Царица Соусов и та внушает мне Любовь, и эта любовь чиста, ибо Царица Соусов большая, толстая и ходит сильно наклонясь вперед – зад у нее непомерно велик, да и бюст тоже; смешивая свои соусы, то коричневый, то бешамель к рыбе, она заодно прижимает меня к себе, так что дышать почти нечем, прижимает к себе, будто родное дитя, да она так и говорит: «Сиднер, маленький мой, как же ты вырос», а я стараюсь уткнуться головой в великое тепло, и все молчит, и мгновение длится долго, и все затихает, и я думаю, что, не будь белого халата, и сорочки, и прочей ее одежды, я мог бы схорониться меж ее грудей, ведь, насколько я понимаю, мужа у нее нет, одни только соусы, да звонкая ложка, да мутовка – ими она с утра до вечера снимает пробу, смакует, думая лишь о том, не добавить ли соли или сахару, и я много раз представлял себе, как она что-нибудь забудет вечером на кухне, а я найду и отправлюсь к ней домой, и она скажет, что постель у нее холодная, но очков она не носит, забывают же обычно именно очки.

Позднее, тем же вечером.

И о Лелль-Мерте были у меня чувственные мысли, когда она по утрам заходила на кухню с дарами леса: грибами, брусникой, лесной малиной, березовыми вениками и букетами диких цветов для ресторана.
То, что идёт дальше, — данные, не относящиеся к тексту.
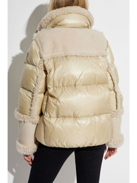 Esquel puffer jacket Highlights - Beige - Down-feather filling - Shearling trim - Front press-stud and zip fastening - High neck - Long sleeves - Applique logo - Two front patch pockets - Straight hem Made in Italy Composition Outer: Polyamide 100%, Sheep Skin/Shearling 100% Lining: Polyester 100%, Down 90%, Feather 10% Washing instructions Read Manufacturer Guidelines
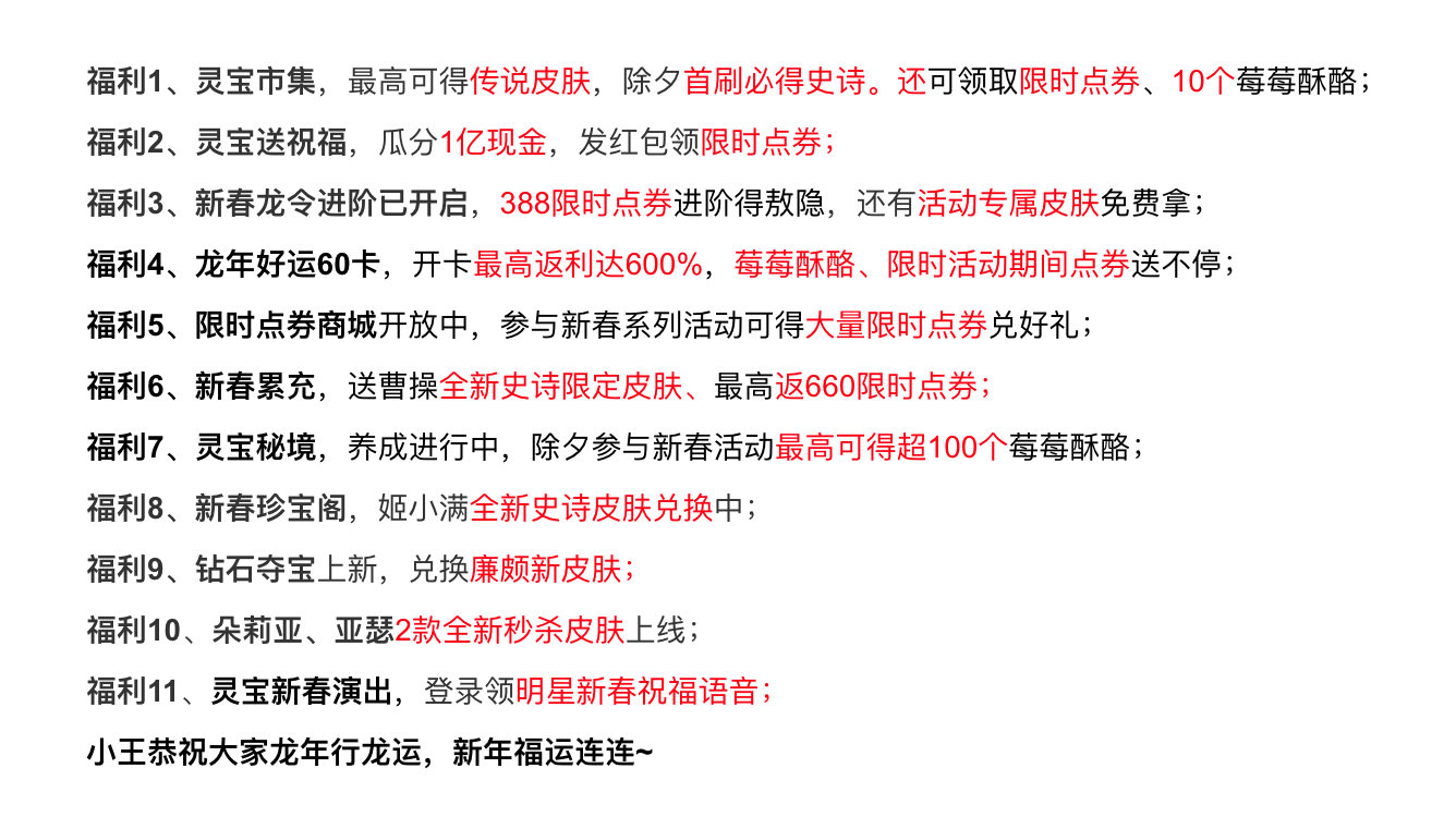 从2月7日开始至2月21日,玩家可以在活动中心参与【灵宝市集】活动。通过收集和出售小龙糕,换取小龙币来刷新奖池,奖励丰厚,包括传说皮肤、史诗皮肤、限时点券和荣耀积分等。2月9日除夕当天,首次刷新必得史诗皮肤,别忘了登录领取你的莓莓酥酪和皮肤卡!

Я прямо воочию видел, как она, совсем одна, ходит по Мшистым Землям, н-да, в воображении я много занимался ею, ведь расселины и луга здешних мест дышат сладострастием, благоуханны и торжественны что утром, что вечером, но больше, пожалуй, утром, когда нет комаров, которых я ужасно боюсь, – даже если в комнате один-единственный комар, не засну, пока не прихлопну его. Улыбка Лелль-Мерты блуждает вокруг, а я, намазывая бутерброды к похоронам или к свадьбе, вижу – и говорю это тебе, сынок, чтобы предстать перед тобою без прикрас, – вижу, как она босиком и без трусиков идет по брусничнику, чаще там, чем по грибному лесу, ведь грибы растут под густыми деревьями, не пропускающими свет, кроме шампиньонов, которых полным-полно в чистом поле, но чистое поле выставлено на всеобщее обозрение, так вот, она без трусиков идет в моем воображении, а я спрашиваю: «На той неделе у нас будет большой банкет, потребуется много лесных даров, так, может, я помогу тебе все собрать и отнести домой, Лелль-Мерта?» – и она проведет ладонью по лбу, и поднимет голову, по обыкновению склонив ее набок, и засмеется Непринужденным Смехом. «А что, неплохая мысль». И добавит, чтобы на кухне не подумали дурного: «Руки у меня ужас как устают, вот в чем дело».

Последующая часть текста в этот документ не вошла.